_Prompt_. Make an exact transcript of the lines in the data below, starting with the one containing "玄関には大容量収納可能なシュ" and going on through the one containing "Teen oh Titansns", with both included and the pictures left out.

_Supplied records_.

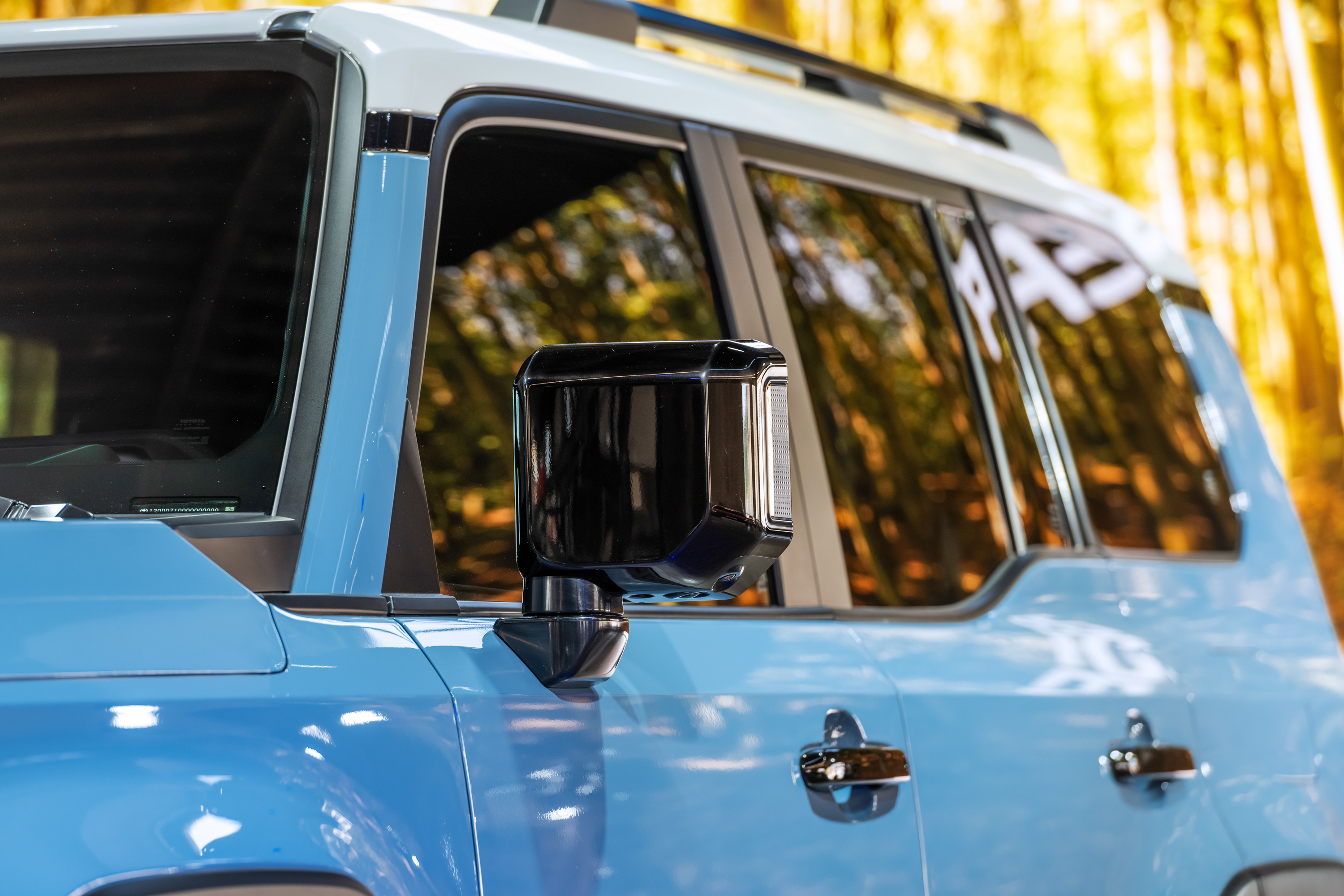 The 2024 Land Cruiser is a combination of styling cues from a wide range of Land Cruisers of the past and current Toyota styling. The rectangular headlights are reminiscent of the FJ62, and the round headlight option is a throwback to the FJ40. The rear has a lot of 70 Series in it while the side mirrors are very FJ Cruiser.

--

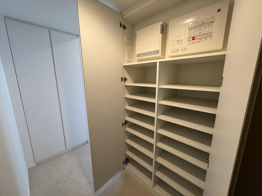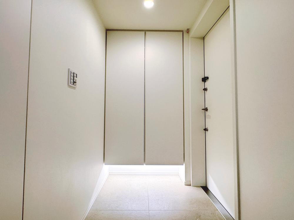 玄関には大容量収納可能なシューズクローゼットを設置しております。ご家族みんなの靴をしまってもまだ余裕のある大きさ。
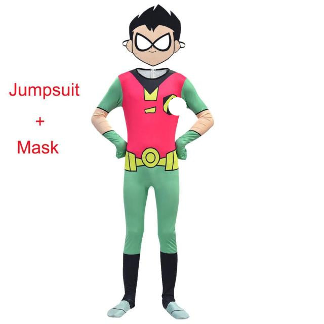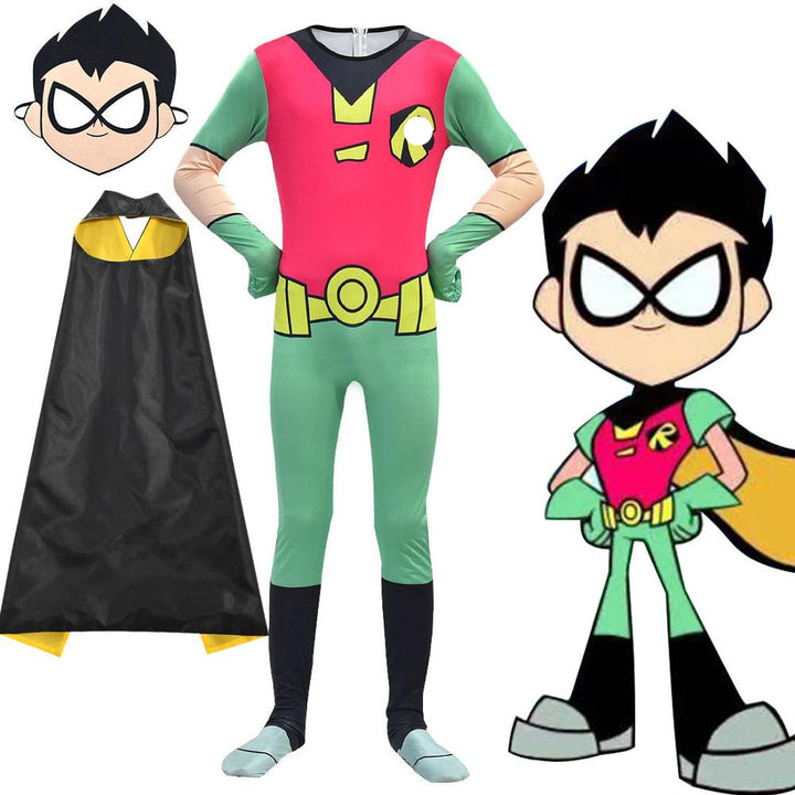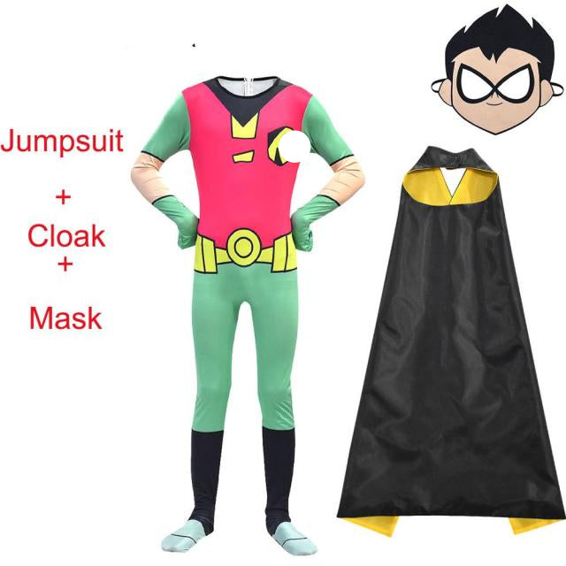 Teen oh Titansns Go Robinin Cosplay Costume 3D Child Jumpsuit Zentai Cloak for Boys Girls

_Result_.
 玄関には大容量収納可能なシューズクローゼットを設置しております。ご家族みんなの靴をしまってもまだ余裕のある大きさ。
 Teen oh Titansns Go Robinin Cosplay Costume 3D Child Jumpsuit Zentai Cloak for Boys Girls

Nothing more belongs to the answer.